Was this a model that could be applied to politics? I chatted it through with Olympics Secretary Jeremy Hunt, and the Obama’s re-election team in Washington, DC. I was convinced. Teams of well-organised activists knocking on doors, getting on social media and being incentivised to donate more of their time, really could be a game-changer.

But although Tories won in 2015, it was Labour that actually learnt the lessons.

An activist base, prepared to campaign and go anywhere, is precisely what Momentum delivered for Labour in 2017. With the spin-off benefit of these activists helping Labour to dominate social media. Something Conservatives had monopolised just two years earlier.

It was Cecil Parkinson who once pointed out to me that, in the long-run, everyone else’s Cabinet jobs depend on winning the next election. This, he would argue, makes appointing a Party Chairman amongst the most critical roles for any Conservative leader.

Building the activist base, extending membership benefits and restarting the youth section, should therefore be urgent priorities. It matters to the whole of the Tory party.
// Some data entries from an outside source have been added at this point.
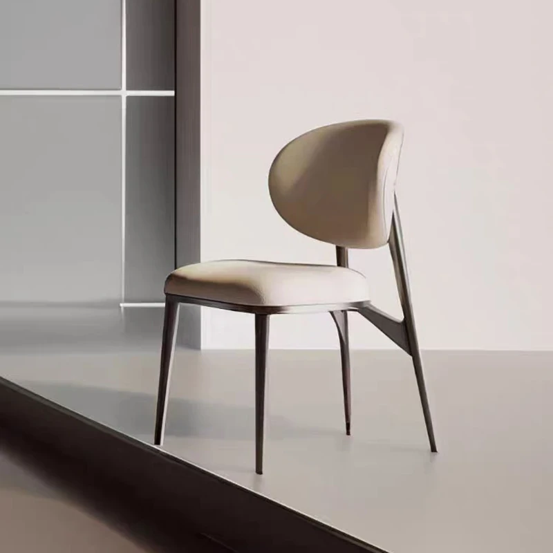 北欧スタイルのステンレス製アーチ型ダイニングチェア - 小スペースに最適なモダンミニマリストデザイン、快適な背もたれ付き、リッチな雰囲気でおしゃれな食卓を演出!
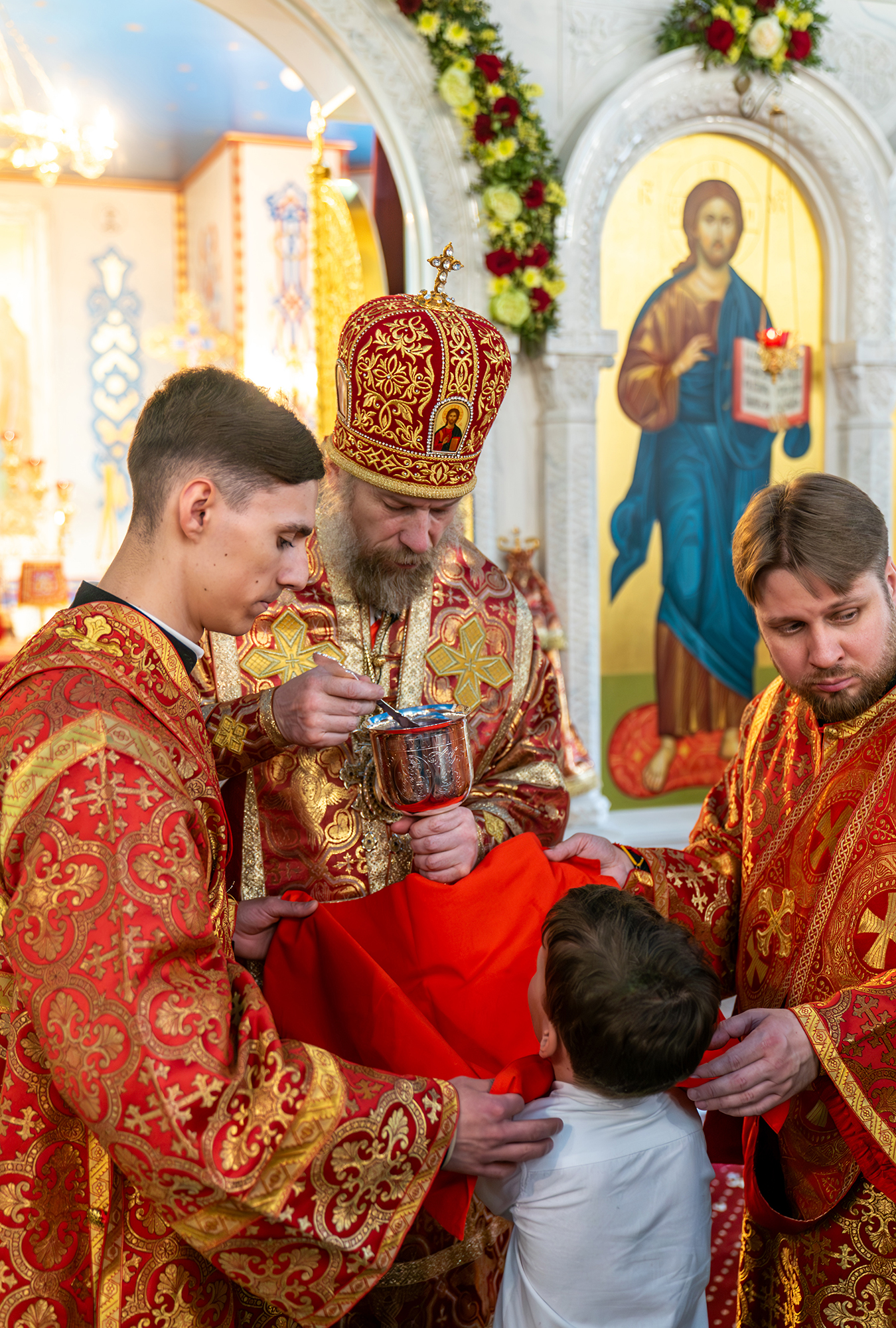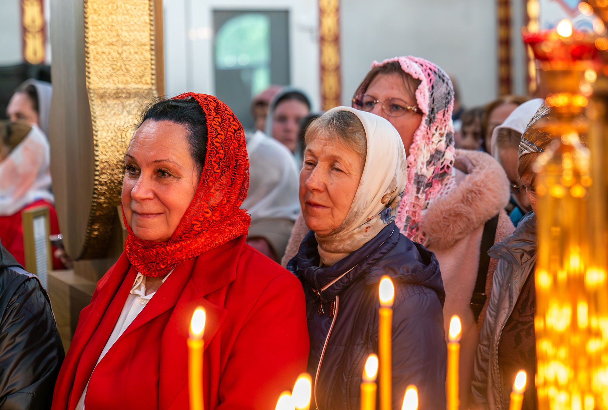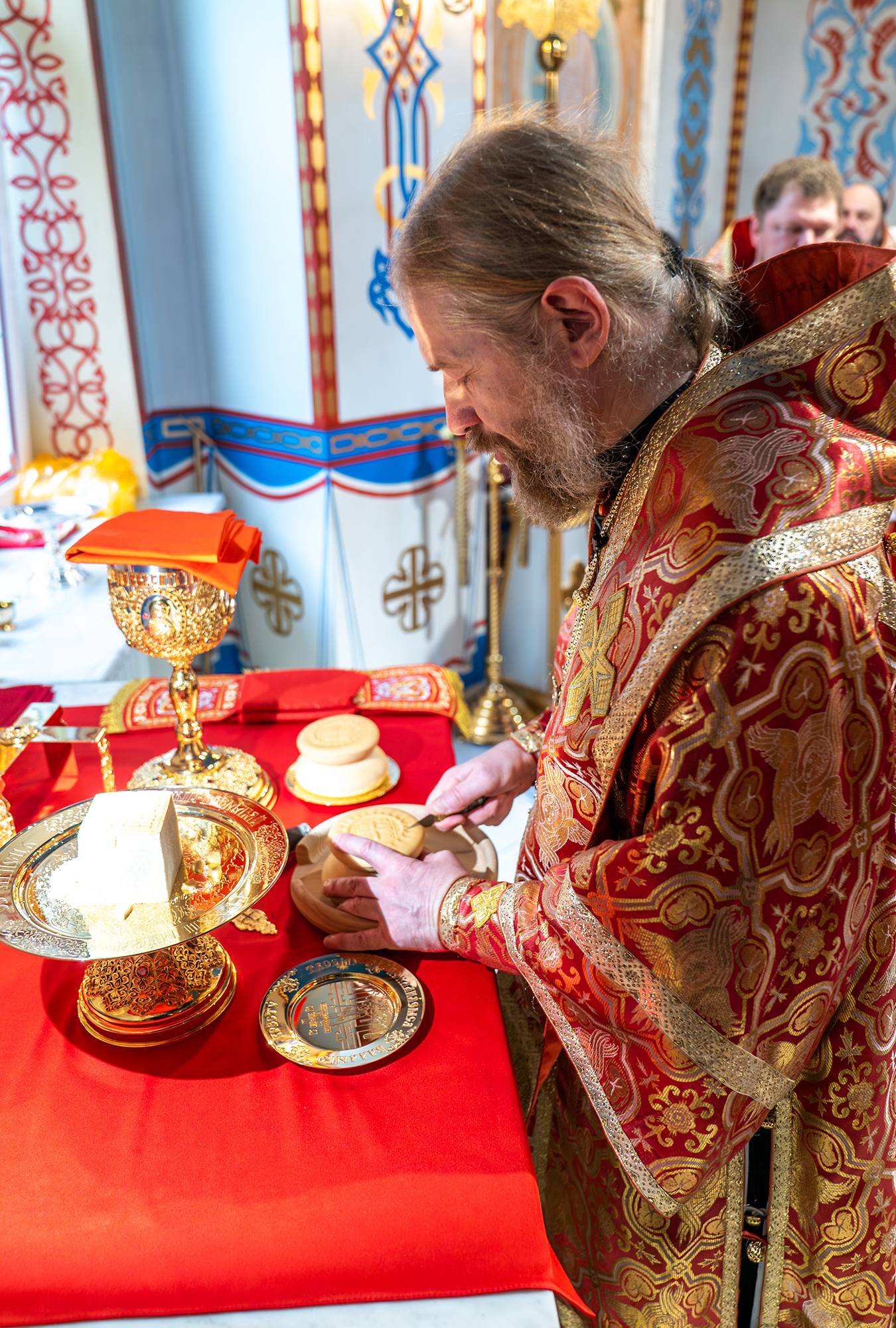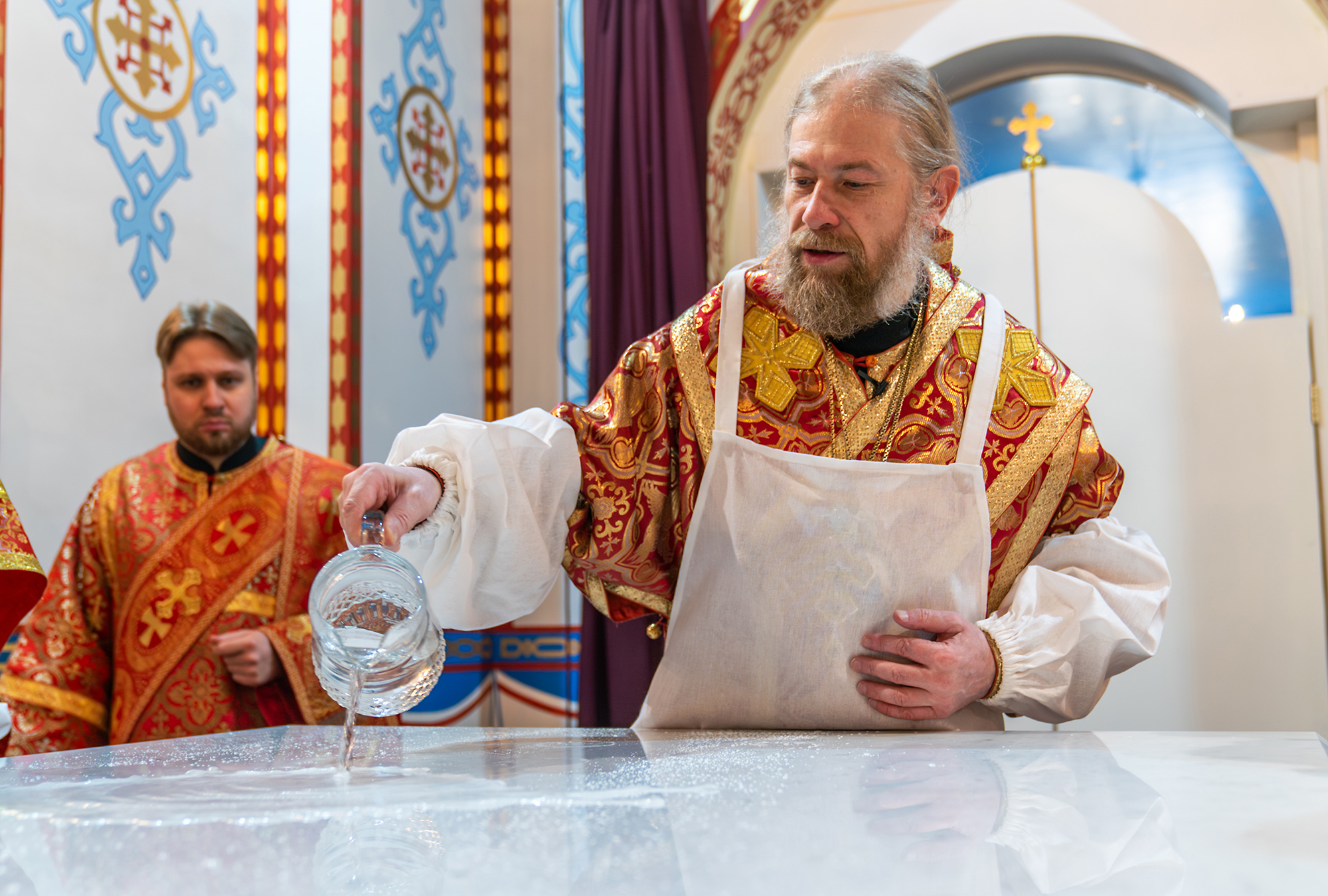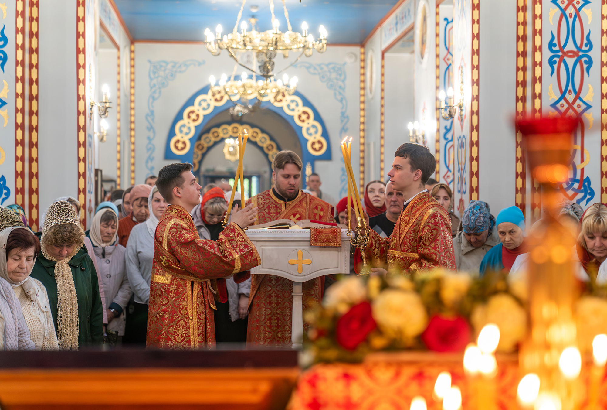Затем Архипастырь возглавил крестный ход вокруг храма со святыми мощами. По внесении в алтарь частицы были вложены в Антиминс и в основание Престола.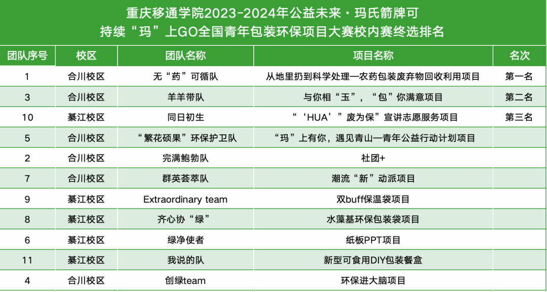 2023“可持续,玛上GO”是由玛氏箭牌糖果(中国)有限公司通过赠与亚洲携手中国乡村发展基金会主办的大学生环保创新项目。自2018年以来,我校七次入选中国乡村发展基金会高校项目,并承办了四届区域赛。本次大赛面向双校区全体师生发起,跨学院、跨专业、跨年级,以自由组队的形式报名参赛,共收到35份申报书。根据项目评审要求,最终评选出11个团队入围校内赛终选,召集勇于创新,热爱公益的环保卫士助力可持续环保发展!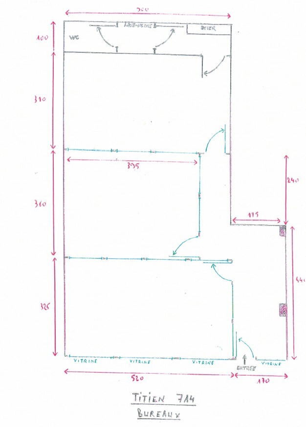 With a surface area of 62 sqm this office in excellent condition consists of a main room divided into three offices partitioned by windows, a kitchenette, a toilet and a large showcase.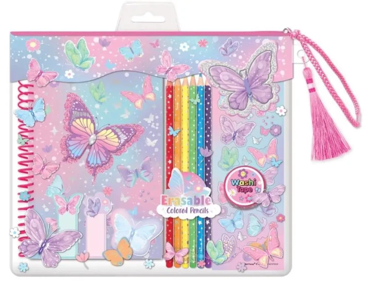 Notatnik na spirali z kredkami Motylki - Hot Focus

But it also matters to the country at large because, if Corbyn wins, Britons will find out what the population of Caracas already know; socialism in action is nothing but the equal sharing of misery.

Today, a combination of reasonable mid-Brexit negotiations, lack of obvious alternative and May’s dogged determination, has given this Prime Minister the opportunity to make a fresh start in 2018. Regardless of who leads us into the next election, it is very much the duty of today’s leader to pay attention to fixing our rusty party machine. Just one more priority for a busy start to 2018.